The weather was turning out to be a perfect June gloom so it wasn’t hot and sunny like the forecast. The temperature was going to be in the mid-60s with some humidity. I took down a packet of Vespa right before I lined up in my starting corral. The starting line had lots of energy and was definitely living up to the Rock ‘n’ Roll theme! I was extra conscious about pacing in the beginning with a plan to start out at a pace that felt a little slow. I wanted to burn all my matches in the last 10 miles vs. being one of those runners that ends up walking in the end because they started too fast. I found a comfortable pace that was about 30-45 seconds faster than my MAF pace making sure I could easily breathe through my nose. The first 13.1 was pretty uneventful other than a quick bathroom stop at the halfway point. The only nutrition I took in was water and some Vespa (I planned to take one packet of Vespa every hour).

Back Half of Race:

This is where I started using my nutrition. I had a handheld with a coconut water chia seed slurry (see my last post for details) that I started sipping on just past the halfway point. I was feeling confident through mile 15 because my pace was steady and lots of people were walking by this time (probably because they started way too fast).

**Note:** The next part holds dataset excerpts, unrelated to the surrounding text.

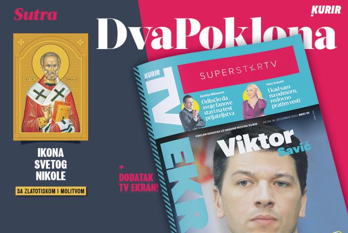 Sutra, uoči slave, Kurir poklanja IKONU SVETOG NIKOLE S ZLATOTISKOM I MOLITVOM i dodatak TV Ekran, a u subotu, 19. decembra, na dan slave, u Kuriru vas čeka luksuzni DRVENI STALAK S LIKOM SVETOG NIKOLE U ZLATOTISKU.
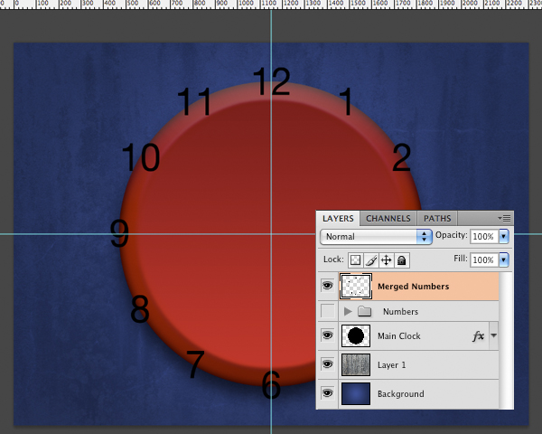 Resize the Merged Numbers layer (Command + T), so it fits inside the clock as shown below. Be sure to hold Option + Shift while dragging to constrain the proportions to the center.
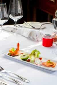 Start off with blowtorched tiger prawns and salmon as an appetiser which arrives aromatic with spices and tasty with sweet and sour flavours in a spicy chili vinaigrette. Next move on to the broccoli and green curry veloute which offers smooth tastes of coconut milk gently blended with Thai green curry while the mushroom soup with truffle oil gives diners something mellow and truly magnificent to savour.
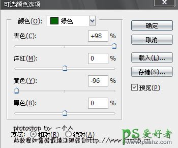 6、接着再创建一个“可选颜色”调整图层,在绿颜色下将参数设为+98、0、-96、0,方法使用相对。
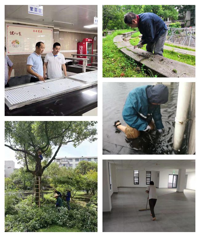 超强台风是后勤服务公司暑期工作的又一大挑战。当“利奇马”携风裹雨而来,后勤公司24小时值班严正以待。面对灾情险情,员工组成的一线“战斗堡垒”,关门窗、通水管、清屋顶、备食材等,奔波在抗台救灾的主战场,排除险情和隐患。由于准备充分,学校财产和师生生活没有受到太大的影响。
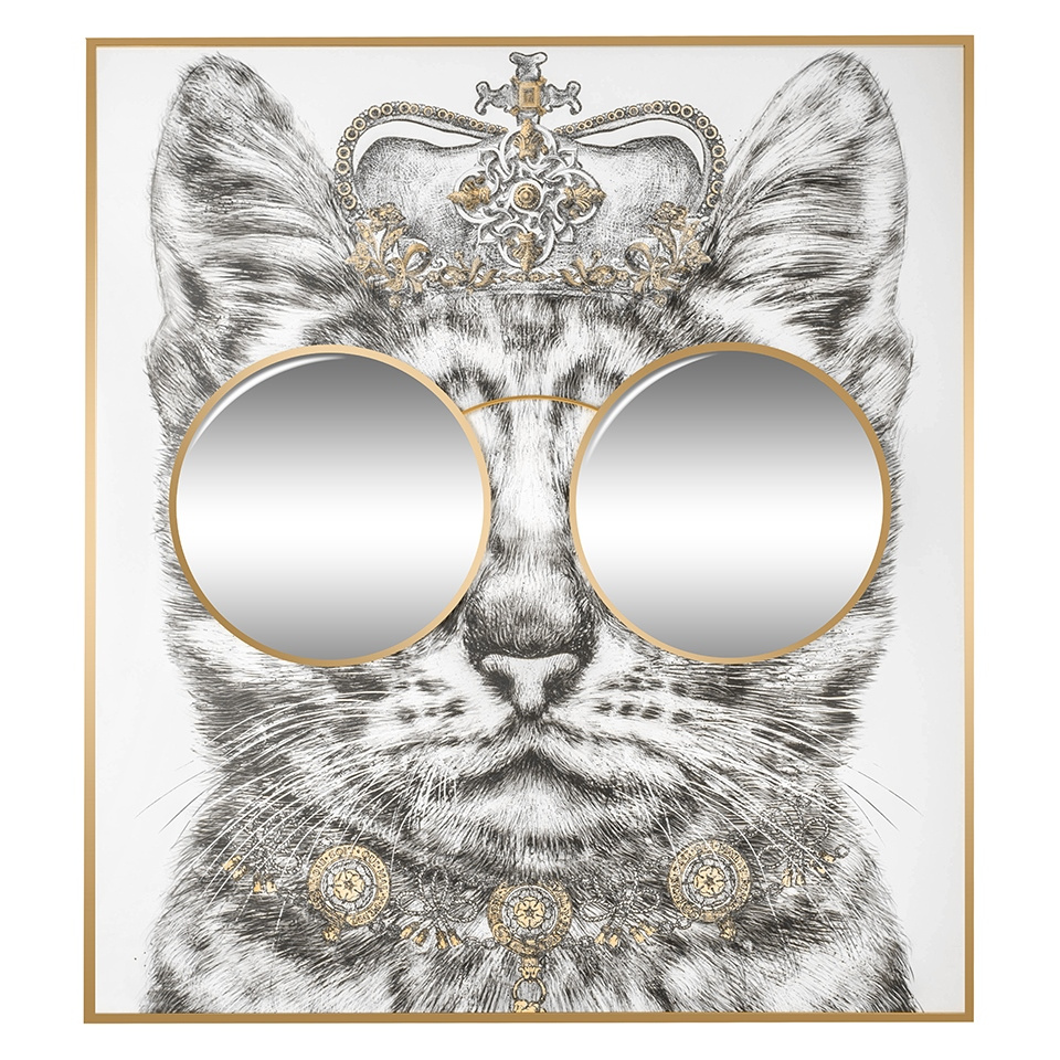 - Obraz KING CAT 193 x 213 cm. Piękny, nowoczesny druk utrzymany w jednolitej, stonowanej kolorystyce ze złotymi detalami, przedstawiający kota w koronie i okularach przeciwsłonecznych. Okulary zostały wyróżnione lustrzanym elementem, co dodaje kompozycji w
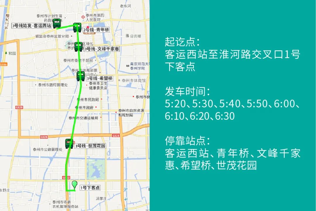 泰州体育公园北门(起点)—海军东路—鼓楼南路—静安路—桃园路—迎春东路—人民东路—人民西路—南园路—静安路—海陵南路—周山河路(折返)—海陵南路—海军东路—泰州体育公园体育场(终点)

At this point I was projecting my finish time to be around 3:50. Mile 18ish is when my legs started to feel it. Aerobically I was still feeling good but pace was slowing, the terrain was slightly uphill, and I was losing my form. Then I hit mile 21…which was basically when the course went up a mountain (maybe a slight exaggeration…but just slight…) for the next 1.5 miles…and this nearly crushed me. I knew I had a little cushion to break 4 hours (the top end of my goal) but it was getting dicey. I realized I couldn’t run up this mountain without completely blowing up so I felt forced to walk/jog as fast as possible.

Marathon Coure Profile

Marathon Course Profile

When I finally got to the top I knew I had to red-line it if I wanted to break 4 hours. There is a point in every marathon when it becomes all mental and this was that point for me. This is where having a reason and purpose for doing hard things is critical because you are going to need that when everything starts to hurt. It was weird…I don’t remember much between 23-25 other than trying to rest my eyes and take a nap while running. When I finally got downtown San Diego with about 1 to 1.5 miles left I knew it was going to be close. I was basically panic running at this point hoping the finish was around every turn. When I finally saw it I used everything left in the tank and crossed at 3:59:19…too close for comfort! I think the last 2-3 miles were the fastest of the entire day (going downhill definitely helped)!

Post Race:

After finishing it took every bit of energy to not sit down in the middle of the finish chute. I leaned on a barrier for a bit trying not to pass out. When I walked through the finish area I destroyed all the food they were handing out (chocolate milk, protein bars, chips, whatevs!). Walking around the finish area and biking home really helped my legs feel better. I spent the rest of the day moving around and helping my wife with errands/chores. Not only does staying active help with recovery but staying productive after an event (or long workout session) is key to keeping the family happy and getting approval to do more events in the future! I finally collapsed into bed exhausted at 8pm.

Key Learnings:

  1. I need to improve leg strength to help maintain form in the late stages of the race  strength training, longer tempo runs, and intervals/hill work.
  2. Pay more attention to course profile when training. I would have added some more hill work late in my long runs to prep for that last mountain climb.
  3. I still need to dial in my race nutrition because it felt a little too light (along with continuing to improve my aerobic system/fat burning). I’m also a really salty sweater apparently:



My time goal going into the race was 3:45 to 3:59. I’ve never broken a four-hour marathon before!